Command line interfaces


As we already laid out in the very first module, the command line is a powerful tool for interacting with your computer. You should already now be familiar with running basic Python commands in the terminal:

python my_script.py

However, as your projects grow in size and complexity, you will often find yourself in need of more advanced ways of interacting with your code. This is where command line interface (CLI) comes into play. A CLI can be seen as a way for you to define the user interface of your application directly in the terminal. Thus, there is no right or wrong way of creating a CLI, it is all about what makes sense for your application.

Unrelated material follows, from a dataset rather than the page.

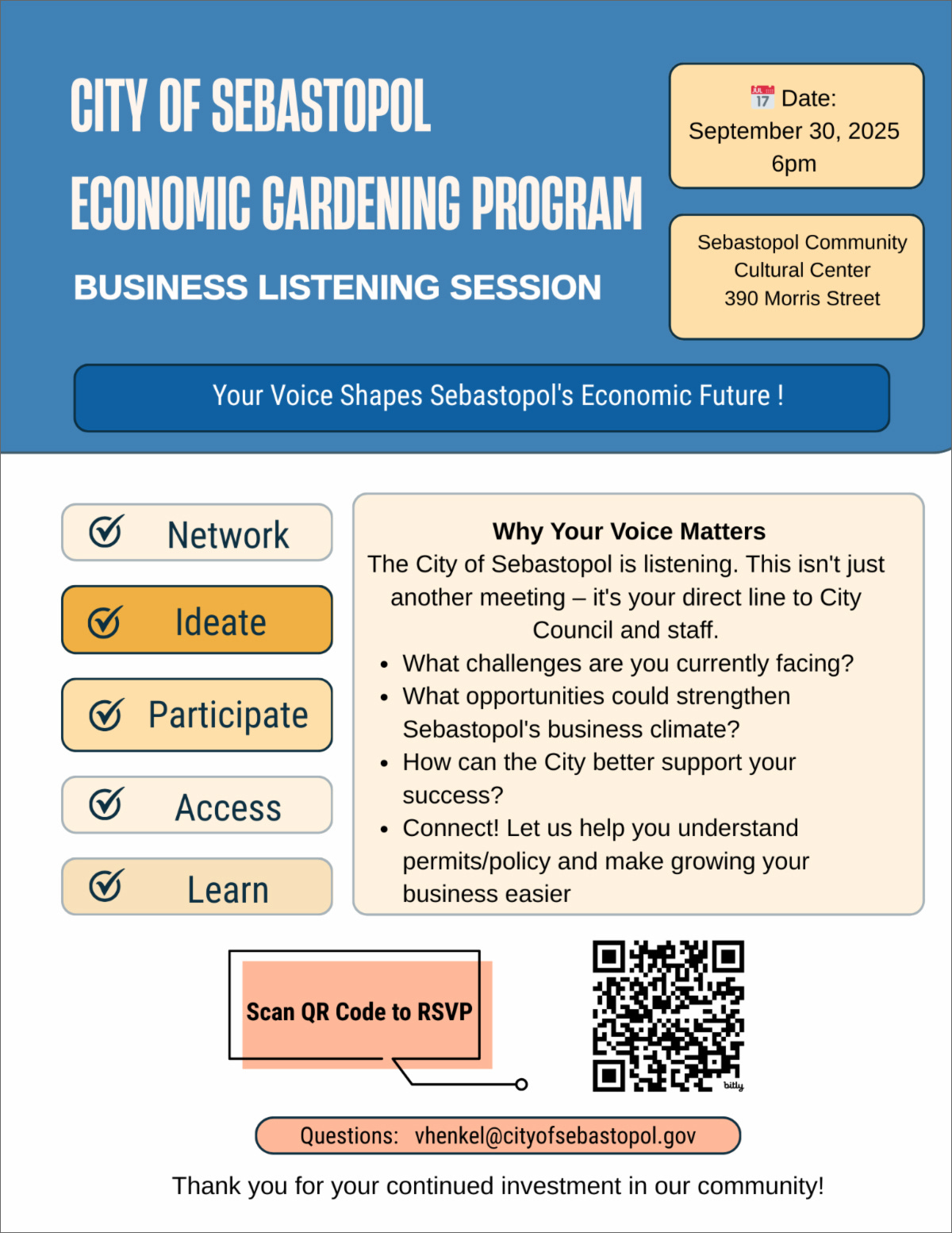 At their Sept. 2 meeting, the council decided on the date and structure for the first Economic Gardening event. It will be a townhall listening session scheduled for Sept. 30 at 6 pm at the Sebastopol Community Cultural Center, 390 Morris St. The council approved this idea 5-0.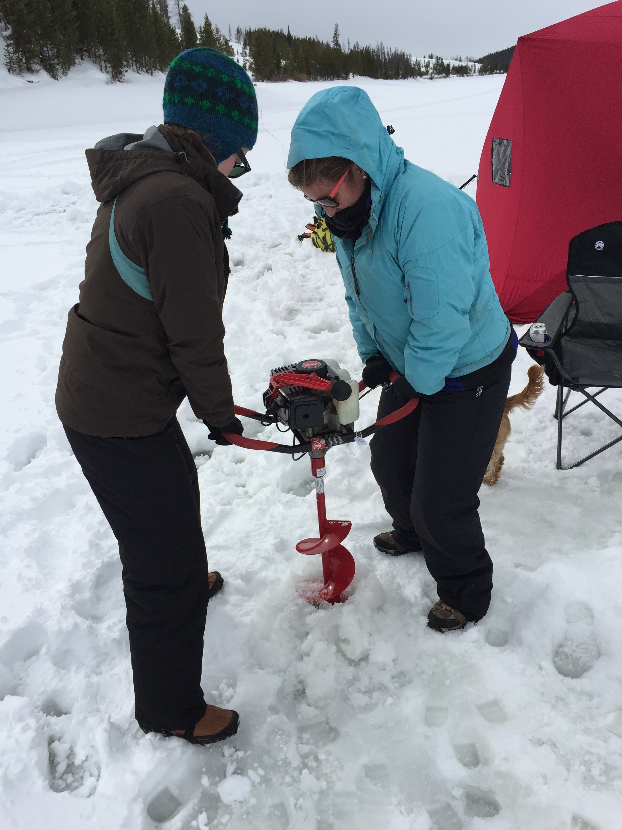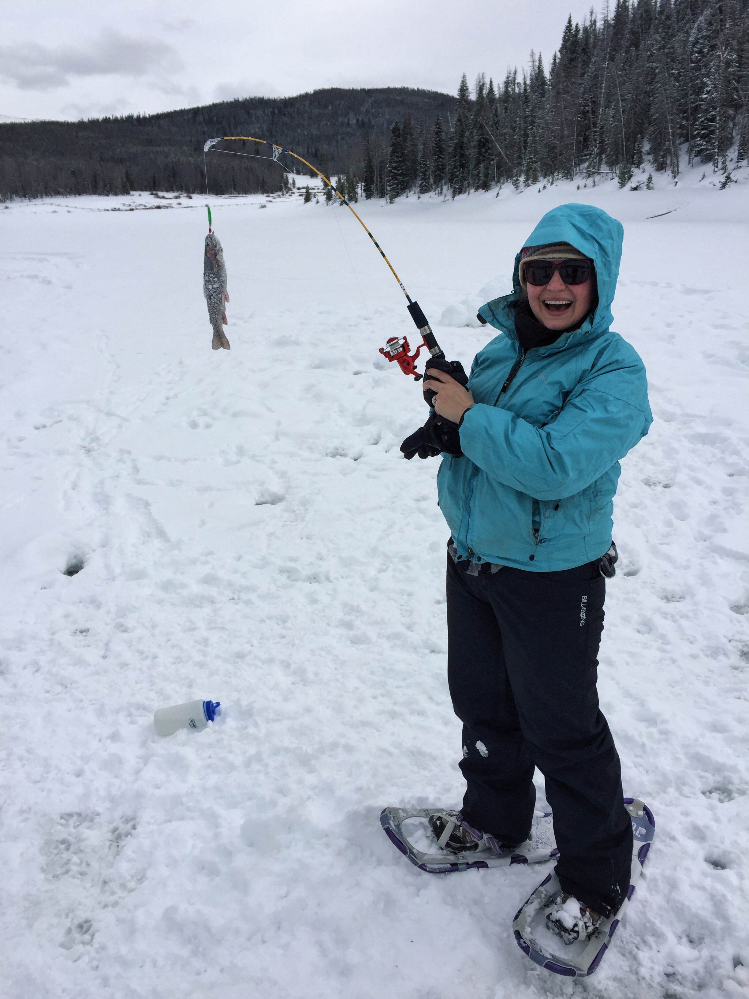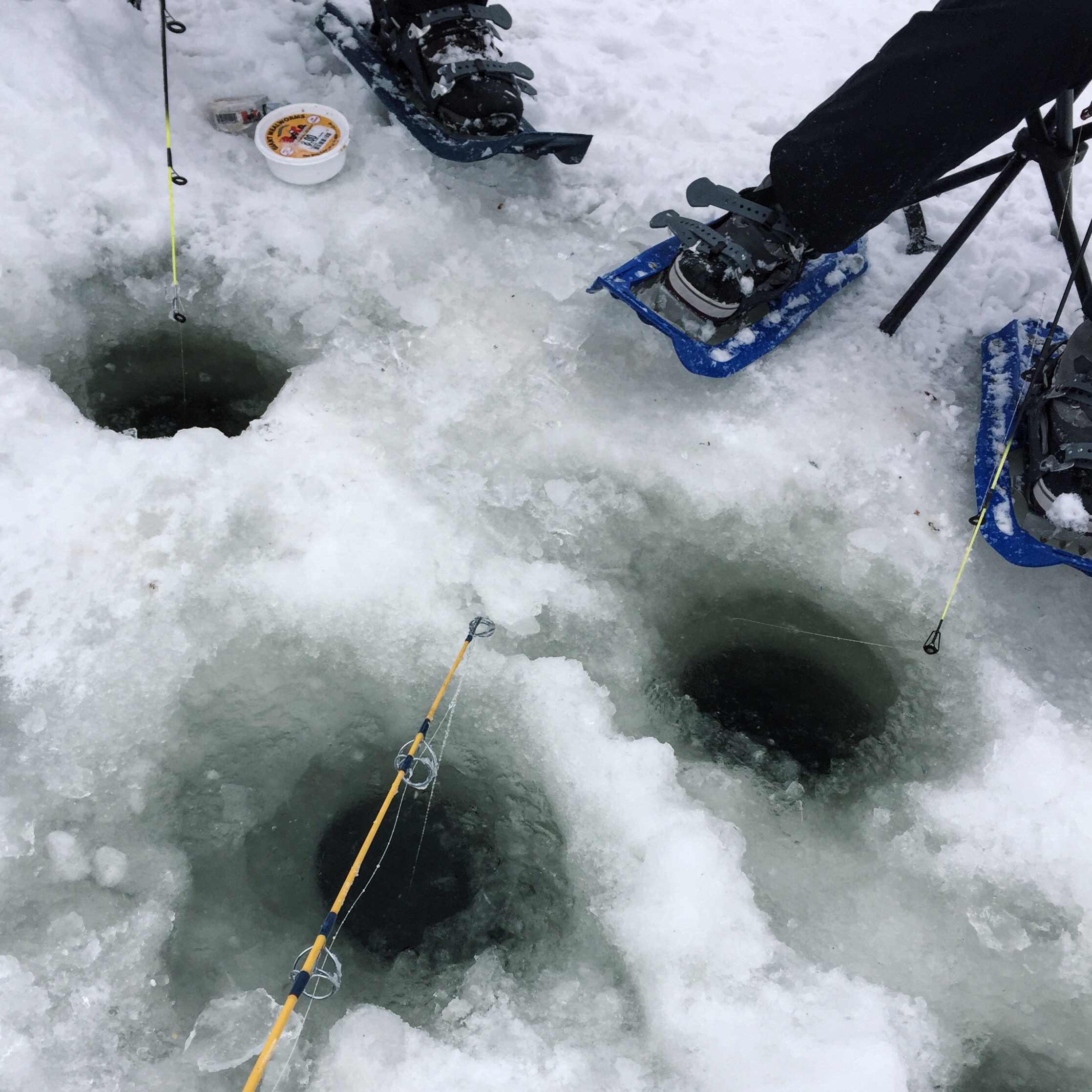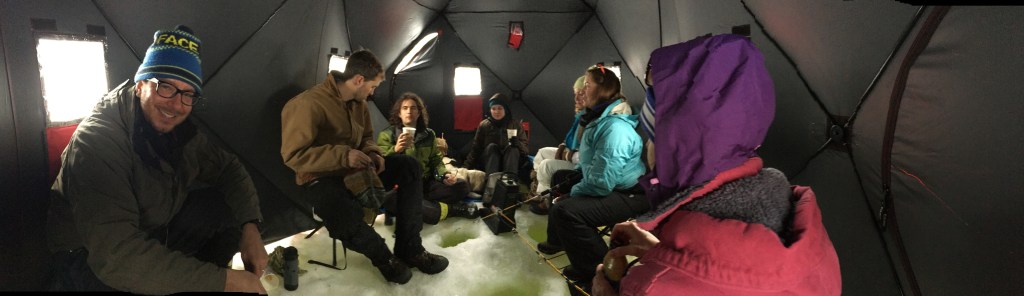 Then there was the actual act of ice fishing: stepping out onto the frozen lake for the first time was an at once electrifying and terrifying moment. But with the snowmobiles riding all around and a two-foot layer of ice between the water and us, we soon found there was nothing to fear. In fact, we found that there was everything to delight in: the warmth of the shanty sheltering us from the wind, dogs romping around excitedly in the snow, the thrill of yelling “FISH ON!” as soon as we landed a trout, the joyful power of drilling the auger through the ice, and the oncoming snowfall that lent itself to all sorts of snowball fights, snowshoeing treks, and snowmen building.

In this module we are going to look at three different ways of creating a CLI for your machine learning projects. They are all serving a bit different purposes and can therefore be combined in the same project. However, you will most likely also feel that they are overlapping in some areas. That is completely fine, and it is up to you to decide which one to use in which situation.

Project scripts

You might already be familiar with the concept of executable scripts. An executable script is a Python script that can be run directly from the terminal without having to call the Python interpreter. This has been possible for a long time in Python, by the inclusion of a so-called shebang line at the top of the script. However, we are going to look at a specific way of defining executable scripts using the standard pyproject.toml file, which you should have learned about in this module.

❔ Exercises

  1. We are going to assume that you have a training script in your project that you would like to be able to run from the terminal directly without having to call the Python interpreter. Lets assume it is located like this

    src/
    ├── my_project/
    │   ├── __init__.py
    │   ├── train.py
    pyproject.toml
    

    In your pyproject.toml file add the following lines. You will need to alter the paths to match your project.

    [project.scripts]
    train = "my_project.train:main"
    

    what do you think the train = "my_project.train:main" line do?

    Solution

    The line tells Python that we want to create an executable script called train that should run the main function in the train.py file located in the my_project package.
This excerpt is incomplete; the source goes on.